By Agence France-Presse
An escalation of ongoing US trade disputes poses a “consequential downside risk” to the economy, which will make the job of the central bank more challenging, the US Federal Reserve warned Wednesday.
But with the US economy continuing to grow and the job market strengthening further, many Fed members said they likely will need to raise the benchmark interest rate again “soon,” according to the minutes of the Fed policy meeting early this month.
The renewed warning about trade came just as US and Chinese officials began talks in Washington to try to defuse the spiraling disagreement, with a new round of punitive tariffs on $16 billion in goods from each country just hours away.
The United States has imposed tariffs on hundreds of products, mostly from China, and Fed officials said they are seeing the impact of trade disputes on the ground, as businesses across the country face higher prices for necessary inputs and the uncertainty has caused some to delay investments.
All participants in the Fed meeting “pointed to ongoing trade disagreements and proposed trade measures as an important source of uncertainty and risks.”
In addition, most said “an escalation in international trade disputes was a potentially consequential downside risk for real activity,” according to the minutes.

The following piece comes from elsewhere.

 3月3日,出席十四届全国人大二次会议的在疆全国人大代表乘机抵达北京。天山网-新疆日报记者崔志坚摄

A large-scale and prolonged dispute likely would adversely impact business sentiment, investment spending and employment, as well as pressuring inflation, the officials warned.

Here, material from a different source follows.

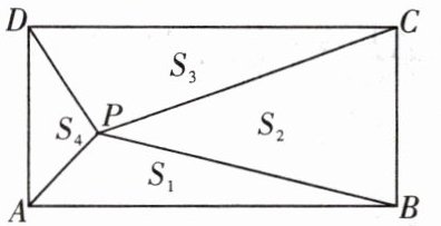 4. 如下左图,$P$ 是矩形 $ABCD$ 内的任意一点,连接 $PA$,$PB$,$PC$,$PD$,得到 $\triangle PAB$,$\triangle PBC$,$\triangle PCD$,$\triangle PDA$,设它们的面积分别为 $S_1$,$S_2$,$S_3$,$S_4$,给出如下结论:① $S_1 + S_2 = S_3 + S_4$;② $S_2 + S_4 = S_1 + S_3$;③ 若 $S_3 = 2S_1$,则 $S_4 = 2S_2$;④ $S_1$,$S_2$,$S_3$,$S_4$ 不可能全相等。其中正确的有(
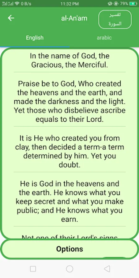 The app has a couple of prayers and the full Quran book written in English and Arabic, as well as an explanation for every "Surah" in the book.

“Moreover, wide-ranging tariff increases would also reduce the purchasing power of US households.”
The agriculture sector has been hurt by falling crop prices, partly due to the trade battles, the Fed said.
It is not the first time central bankers have expressed concern over the consequences of the aggressive trade policies pursued by President Donald Trump but it was expressed in stronger language than previously.
Rate hike coming
Despite the trade warning, the Fed was upbeat on the state of the economy, which continues to grow and the labor market has strengthened.
And the Fed seemed to confirm the view among economist that it is likely to hike the federal funds interest rate in September and again in December, following increases in March and June.
“Many participants suggested that if incoming data continued to support their current economic outlook, it would likely soon be appropriate to take another step,” the minutes said.
They continue to believe that “further gradual increases” will allow the US economy to expand and provide “strong labor market conditions” while keeping inflation around the Fed’s two percent target.
However, the central bankers noted that the strong growth in the April-June quarter — which hit 4.1 percent — “may have been boosted by transitory factors” including the jump in exports.
US exports rose in the second quarter as buyers rushed to grab products like soybeans before retaliatory tariffs hit in July.
And although businesses facing higher costs are able pass them along to consumers, the Fed again noted that wages “have picked up only modestly,” even as businesses complain of difficulty finding workers to fill open positions.